- Work to complete -
For this listing, reproduce the line with "- Four wheels", the line with "3.4. Radiographic Stulberg", and the lines between, exactly as they stand. Leave out pictures and all other lines.

- Available records -
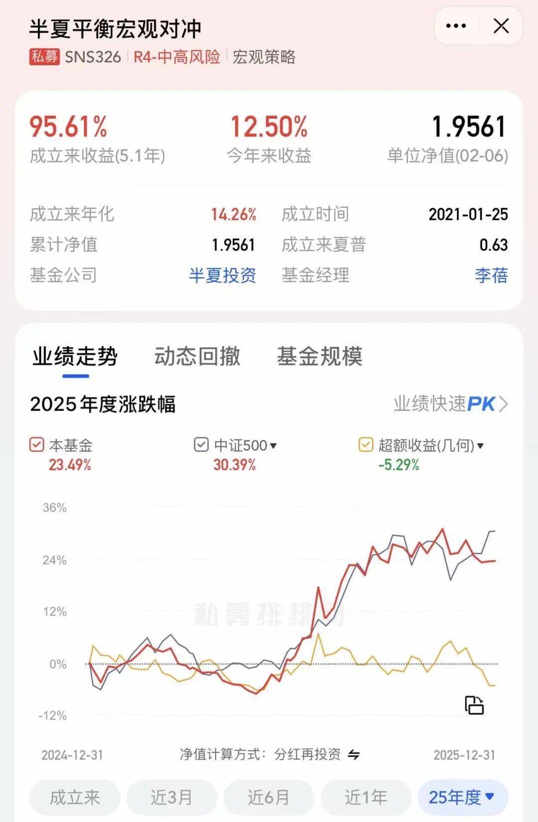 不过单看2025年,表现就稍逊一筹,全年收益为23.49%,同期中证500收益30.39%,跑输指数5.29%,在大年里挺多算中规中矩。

...

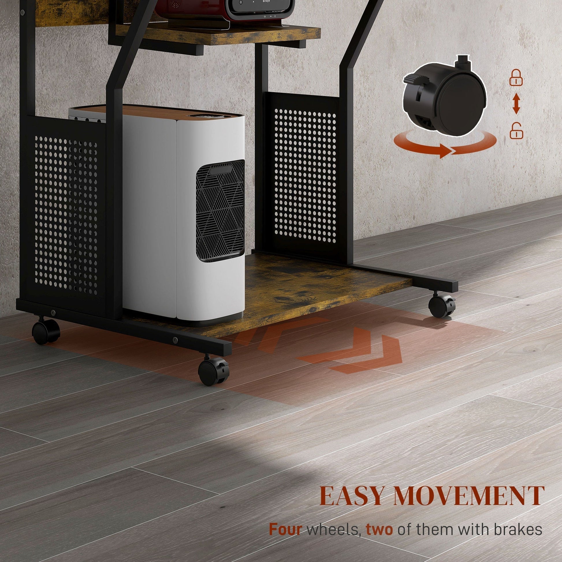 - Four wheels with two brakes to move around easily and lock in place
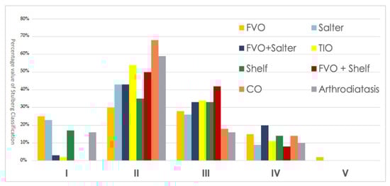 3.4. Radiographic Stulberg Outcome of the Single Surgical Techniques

- Answer to this exercise -
 - Four wheels with two brakes to move around easily and lock in place
 3.4. Radiographic Stulberg Outcome of the Single Surgical Techniques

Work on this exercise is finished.